Below are some comments for the authors to check.
Title page: Correspondence author uses the symbol *. Co-equal authors use the symbol +.
Page 1 Line 23: HF and T2DM, change to the full name when they first show.
Page 4, Figure 1: Authors must redraw the Figure 1. Because it is very important in this article for connecting the AMPK to downstream mechanism. OCT, add the full name in the figure legend. Change cellmembrane to cell membrane in the picture.
References section.

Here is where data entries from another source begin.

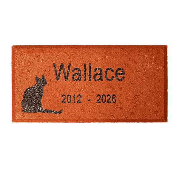 - The brick displays cat's name, birth and death years, and the image shown.
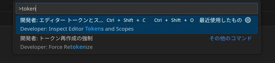 Ctrl+Shift+Pでコマンドパレットを出して、tokenと入力すると「開発者: エディター トークンとスコープの検査」というのが出てくる。
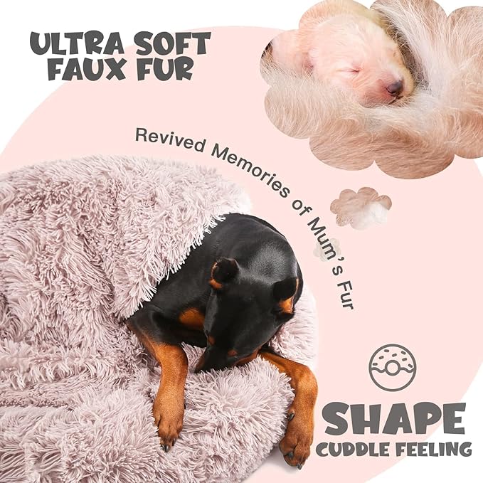 - Calming Dog Bed: Solve pet anxiety and get better sleep and peace of mind. Especially in thunderstorm weather, our pets lack a sense of security and are prone to yelling and anxiety. The plush dog bed in the shape of a donut makes puppies, kittens, and pregnant pets feel embraced, and the blanket adds comfort and alleviates anxiety. It can help your pets stay calm and sleep soundly, even in harsh conditions.
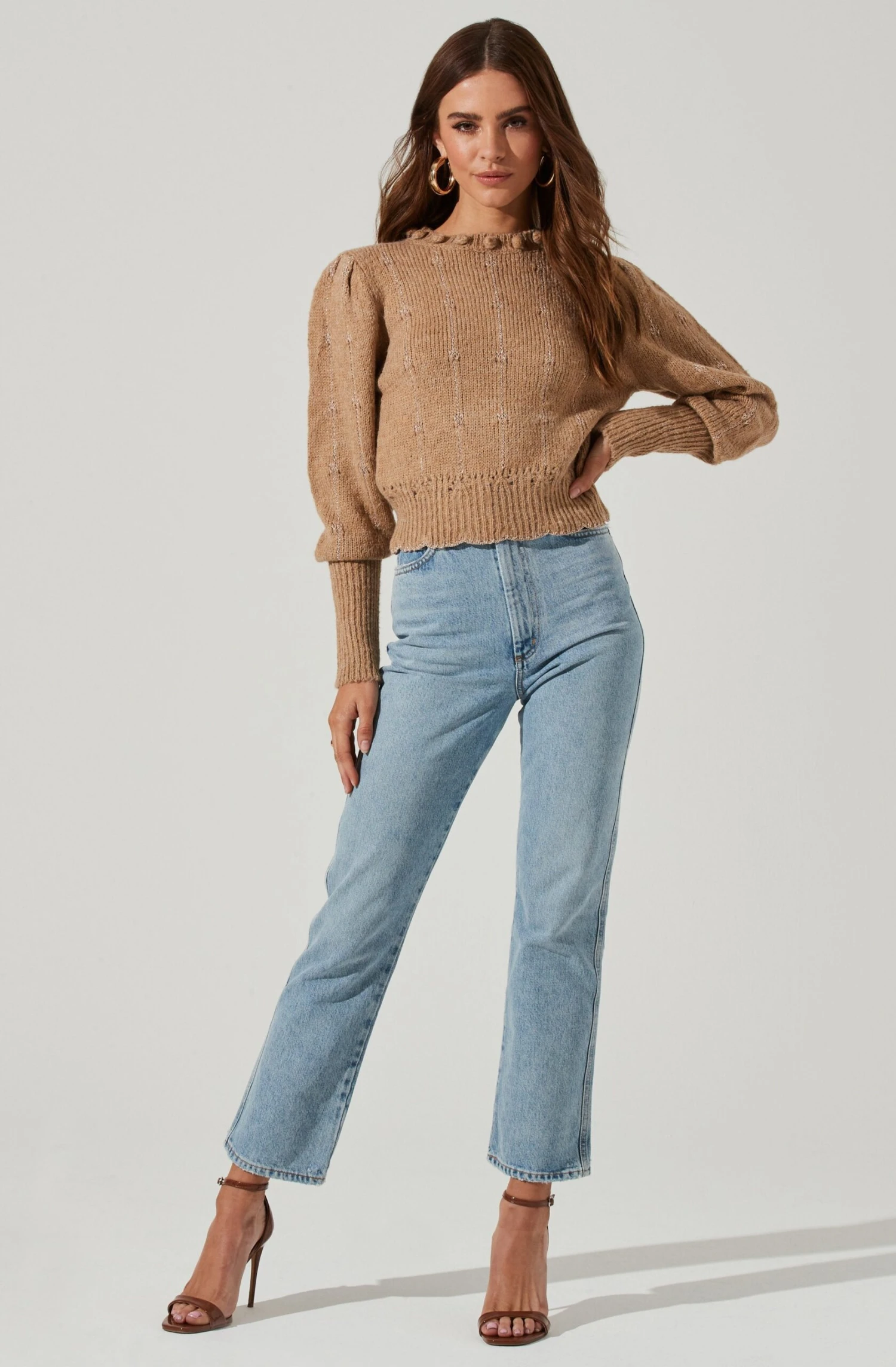 Cozy up in elevated knits! This sweater features a round collar with pom pom accents. Stripe pattern features metallic thread accents. Long sleeves with puff shoulders. Scalloped hem.
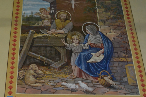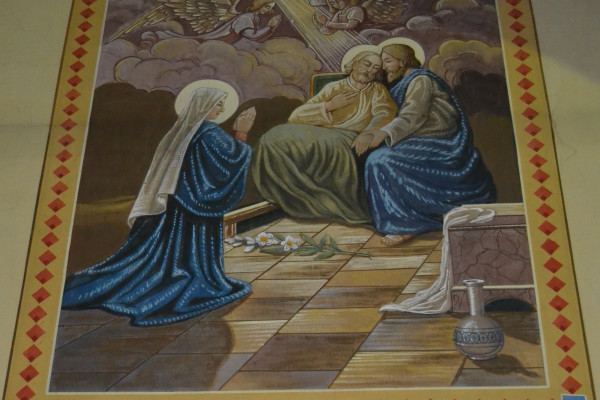 Sv. Josef byl manželem Panny Marie a pěstounem Pána Ježíše. Živil se v Nazaratě jako tesař, avšak o jeho životě toho příliš nevíme. V souvislosti s Ježíšovým veřejným životem se o něm evangelia už nezmiňují. Odtud se vyvozuje tradice, že sv. Josef zemřel v kruhu své rodiny, v přítomnosti Ježíše a své manželky Marie. Právě proto, jako ten, komu se na cestu do věčnosti dostalo té nejvyšší možné útěchy, se stal patronem umírajících. V našem kostele je vyobrazen na vitráži za hlavním oltářem a na dvou nástěnných malbách na bočních stranách lodě kostela.
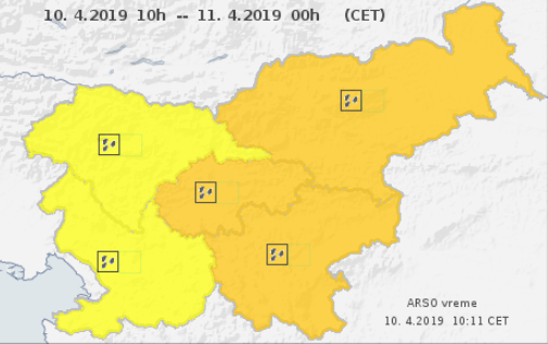 Pojav lokalnih hudourniških razlivanj in poplav je najverjetnejši v porečju Krke, a možen tudi drugod v osrednji in vzhodni Sloveniji. Tako pa napovedujejo meteorologi tudi za četrtek.
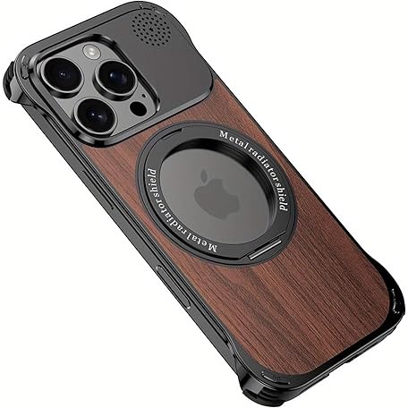 [360° Rotating Stand / MagSafe Compatible] iPhone 15 Pro Max/15 Pro / 15 Case, Heat Dissipation, Aluminum Alloy Case, Walnut Wood Back, Aluminum Alloy Frame, Ultra-thin Frameless Design, 360 Degree
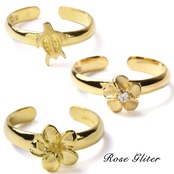 ピンキーリングとしてもお使いいただけるかわいいトゥリング。14Kイエローゴールドがコーティングされたワンランク上のリングです。ハワイならではのホヌとプルメリアからお選びください。こちらは調整可能なリングです。「種類を選択してください」をタップしてお好きな種類をお選びください。
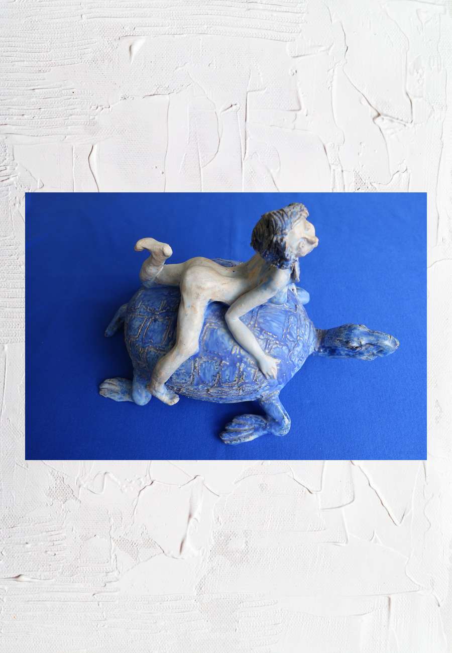 Auftragsarbeit, handgetöpfertes Unikat, sign. 2002, Größe ca. 33 cm. Die Idee, dass sich eine grazile Nackte auf einer Schildkröte räkelt, kam von der Künstlerin, die Kunstgeschichte studierte (Mag. Phil.). Eine ihrer
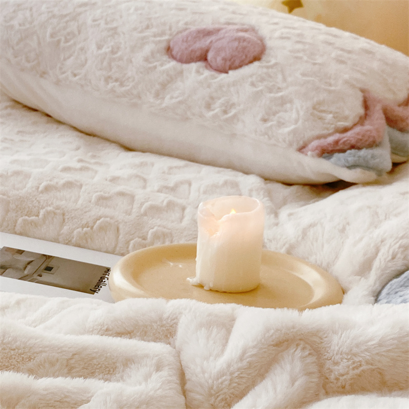 (总)星野 2025新款高克重牛奶绒贴布绣四件套-波点兔,波点兔
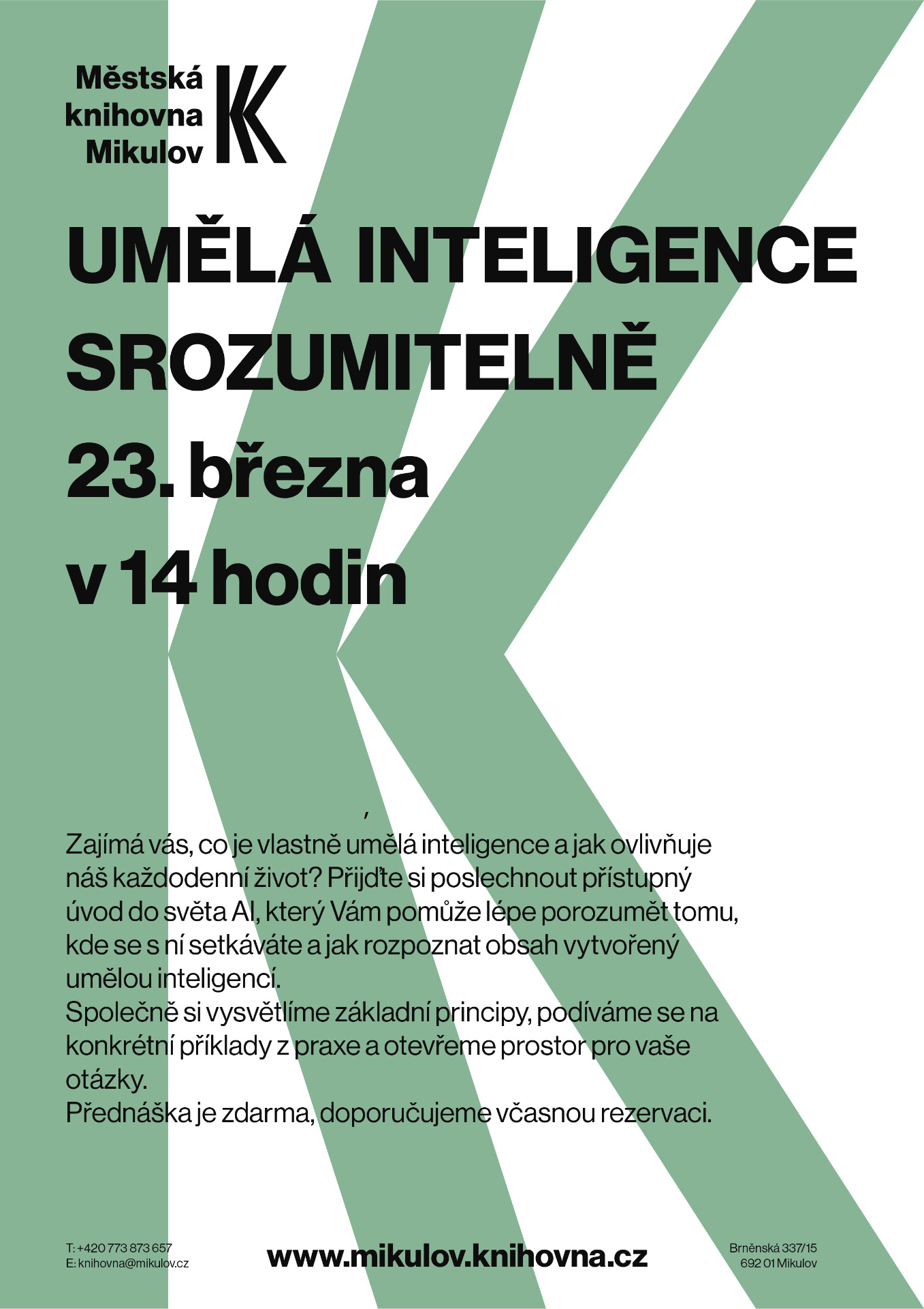 Zajímá Vás, co je vlastně umělá inteligence a jak ovlivňuje náš každodenní život? Přijďte si poslechnout přístupný úvod do světa AI, který Vám pomůže lépe porozumět tomu, kde se s ní setkáváte a jak rozpoznat obsah vytvořený umělou inteligencí.
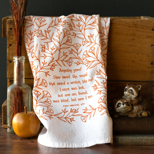 Our hymn tea towels brighten your home with color and song. The Amazing Grace hymn tea towel is printed in marmalade and features lyrics from the h...
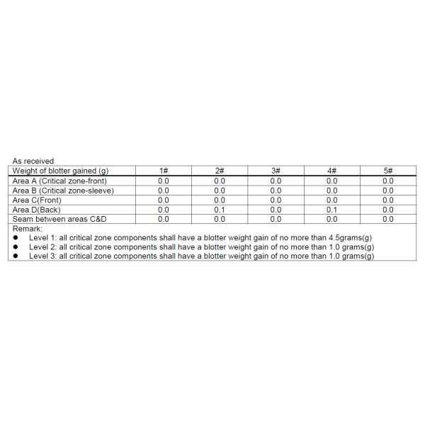 :60mbar/min;Distilled water temperature :21℃, fabric facing water
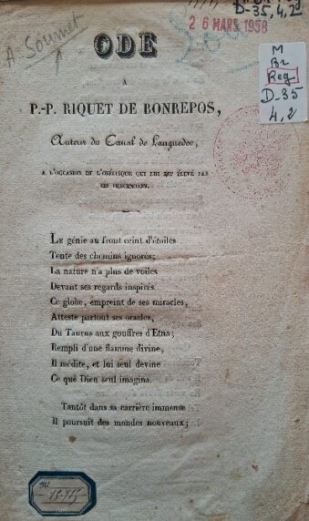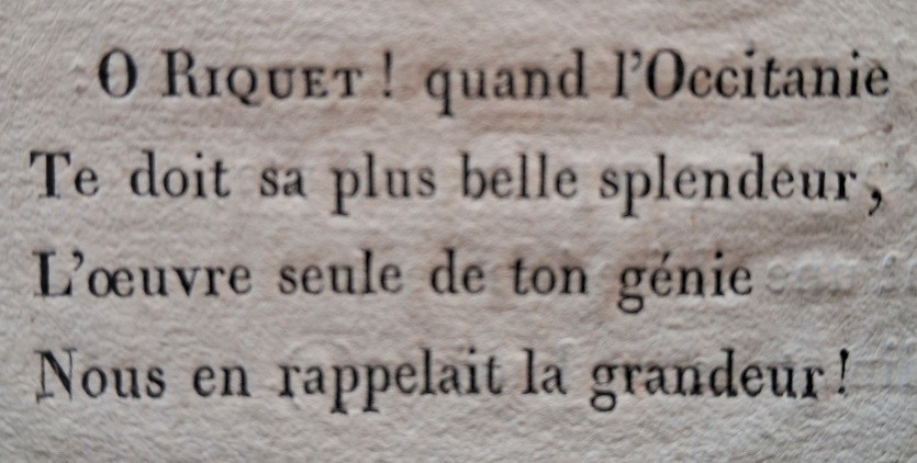 Bien que différents par la forme, ces trois ouvrages, conservés à la Bibliothèque intercommunale de conservation, sont publiés dans un contexte d’enthousiasme patriotique et de réappropriation du passé national. Ils forment un ensemble cohérent : l’établissement durable d’un lieu de mémoire (Caraman), la justification historique et civique (Don de Cépian) et la célébration littéraire (Soumet). Tous participent d’un même mouvement: ériger Riquet en héros civil, à la fois local et national, et inscrire durablement son nom dans la topographie de la France du XIXᵉ siècle.

The first word should be capitalized, and the other words should be lowercase, such Ref 3, 7, 9, 17, 22, 23, 34, 36, 37, 43, 48, 62, 66, 67, 69, 77, 82, 86, 87, 91, 92, 94, 96, 98, 102, 108, 109, 113, 126, 130, 134 to 138, 140, 145, 152, 155, 156, 163, 172, 173, 180, 186, 190, 193, 200, 204, 208, 210, 212, 221, 222 and 226. The authors need to revise the style of several references.
Author Response
The authors would like to thank the reviewer for his valuable comments which enabled us to improve the manuscript.
- Accordingly, we modified the text in the title page.
- The full name of HF and T2DM is reported in the Summary and when first showed.
- The figure 1 was enriched with the addition of principal AMPK downstream pathways involved in HF physiopathology. “cellmembrane” was changed to “cell membrane”, and the full name of OCT added in the legend figure.
- As requested, the reference section has been modified.
Round 2
Reviewer 1 Report
After the revision, this review reached to the satisfactory level.